Kinesic Humor PDF Author: Guillemette Bolens
Publisher: Oxford University Press
ISBN: 019093008X
Category : Language Arts & Disciplines
Languages : en
Pages : 217

Book Description
This is an open access title available under the terms of a CC BY-NC-ND 4.0 International license. It is free to read at Oxford Scholarship Online and offered as a free PDF download from OUP and selected open access locations. The triggers of laughter in spoken language or conversation can often be very simple, such as a change in gesture, or in vocal tone or tempo. Speakers and listeners understand these dynamics of gesture through motor cognition and use them to great effect. The causes of laughter and the experience of humor in written texts, however, are less well understood. In Kinesic Humor, Guillemette Bolens offers a cognitive poetics-based study of triggers of laughter in texts, focusing in particular on tonic shifts and gesture in plot and narrative. Bolens shows how literary texts from a variety of periods provide remarkably precise information concerning kinesthesia, the role of tonicity in communication, and the impact of momentum, timing, and tempo on the way in which gestures are processed in human exchanges. She investigates the narrative use of such parameters and how they prompt laughter in a wide-ranging corpus of major authors that includes Chr?tien de Troyes, Cervantes, Milton, Saint-Simon, Rousseau, Sterne, and Stendhal. Using the theory of embodied cognition, Bolens shows how thwarted perceptions and expectations of movements and sensations produce the cognitive shifts typical of humor.
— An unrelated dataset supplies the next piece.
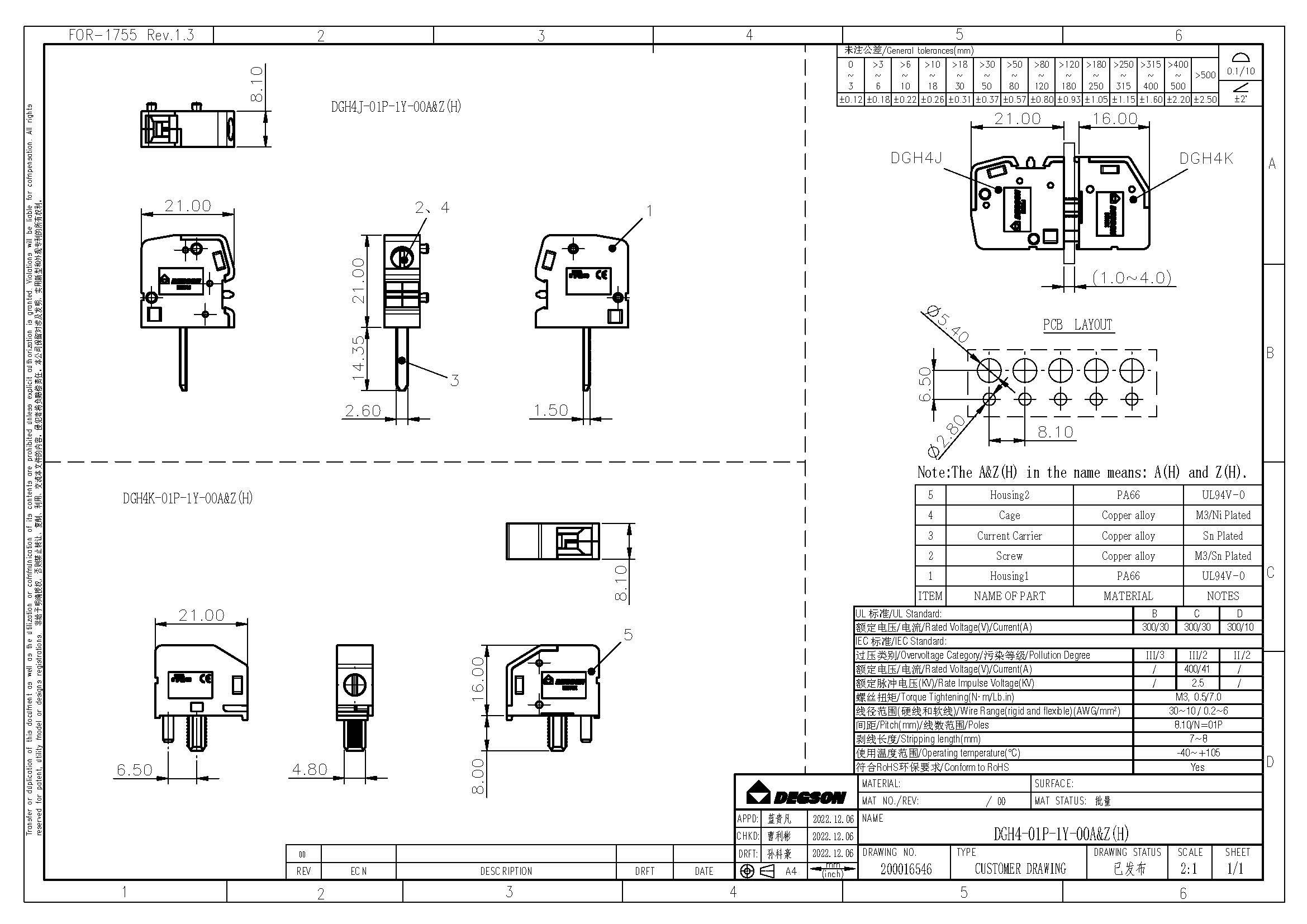 DGH4-01P-11-00Z(H), Проходной клеммный блок, винт.,...

Bringing together narratology, cognitive studies, gesture studies, humor studies, and historical context, this book offers original perspectives on important artworks and represents a major contribution to cognitive poetics. Originally published in French as L'Humour et le savoir des corps in 2016, this volume not only brings the work to an English-speaking audience for the first time but expands significantly on the original by analyzing a new corpus of texts and engaging with recent advances in the field to develop a cutting-edge theory of kinesic humor.

Distributed Cognition in Medieval and Renaissance Culture

Distributed Cognition in Medieval and Renaissance Culture PDF Author: Anderson Miranda Anderson
Publisher: Edinburgh University Press
ISBN: 1474438164
Category : History
Languages : en
Pages : 592

Book Description
This collection brings together 14 essays by international specialists in Medieval and Renaissance culture and provides a general and a period-specific introduction to distributed cognition and the cognitive humanities. The essays bring recent insights in cognitive science and philosophy of mind to bear on how cognition is seen as distributed across brain, body and world. The volume includes essays on law, history, drama, literature, art, music, philosophy, science and medicine, covering topics such as the mind, life and soul; the body and environment; the emotions; language and linguistic theories; theory of mind and interaction theory; the self and subjectivity; social, material and conceptual environments; the memory arts, orality and literacy; and literature and the arts.